Holiday Let Landlords Could Access Huge Mortgage Savings

With the UK holiday let industry looking at another busy year, could you be minimising your profits by paying too much on your holiday let mortgage?

We’ve written frequently over the last two years about the booming UK holiday let market and the many benefits the sector offers property investors. International travel restrictions during the pandemic led to record numbers of us booking holidays closer to home, reigniting our love for trips within the UK.

Larger properties in holiday hotspots, particularly near the coast, earned their owners significant yields, often in the region of 8-12%, plus considerable capital appreciation; a property investor’s dream, you might say.

Now facing a cost-of-living crisis, many of us once again face restricted holiday options, and experts expect many of us will opt for UK breaks to keep costs down. Good news for holiday let investors!

When the holiday let market started booming in 2020, mortgage interest rates were lower. To maximise profits, many investors took discounted variables that tracked lender standard variable rates (SVRs). Particularly popular were those lenders (mainly building societies) that used projected holiday let income to calculate affordability rather than standard assured shorthold tenancy (AST) letting income.

For example:
A five-bedroom Cornish property valued at £650,000 could achieve a gross annual holiday let income of c£65,000. 

If the property was let as a standard buy to let property on an AST, that income could reduce to c£25,000. 

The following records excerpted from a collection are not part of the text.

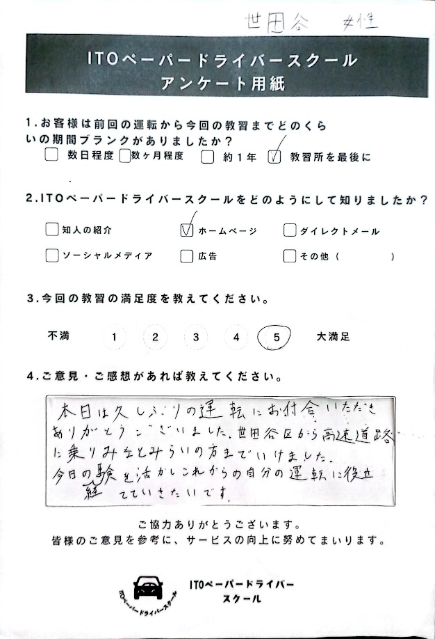 本日は久しぶりの運転にお付合いただきありがとうございました。世田谷区から高速道路に乗りみなとみらいの方までいけました。今日のを経験を活かしこれからの自分の運転に役立てていきたいです!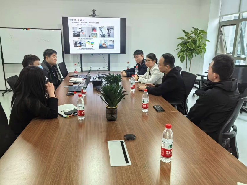 教师黄姝娟、夏子恒及学生代表一同参加调研。睿感机器人销售部李总、技术负责人孟则辉、赵雪莹等热情接待了肖锋院长一行,双方进行了深入而务实的交流。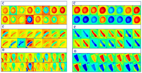 Some of the learnable filters from Model 2 trained with Scenario 4. c represents circular, e represents elongated, and o represents other. The first column is learnable filters from the first convolutional layer; the second column is learnable filters from the second convolutional layer.

More cautious lenders will base affordability on the latter figure, which restricts how much you can borrow. Those lenders more comfortable with holiday letting will base calculations on the larger holiday income figure, allowing investors to borrow more and purchase higher-value properties.

 

What’s Changed?

You’ll undoubtedly be aware that mortgage interest rates have increased significantly in the last year. Consequently, lenders have increased SVRs. Where those discounted variable mortgages may have initially been in the region of c3.5%, some may now be from 6.5% to 7% - quite an increase! These higher interest rates mean lower yields and higher monthly interest repayments, which most property investors are keen to avoid.

According to Moneyfacts,  holiday-let mortgage options have doubled since October 2022, and more lenders are in the market. Consequently, competition is rife, and many lenders are adjusting their pricing for this sector to attract new borrowers.

 

How Much Could Holiday Let Landlords Save?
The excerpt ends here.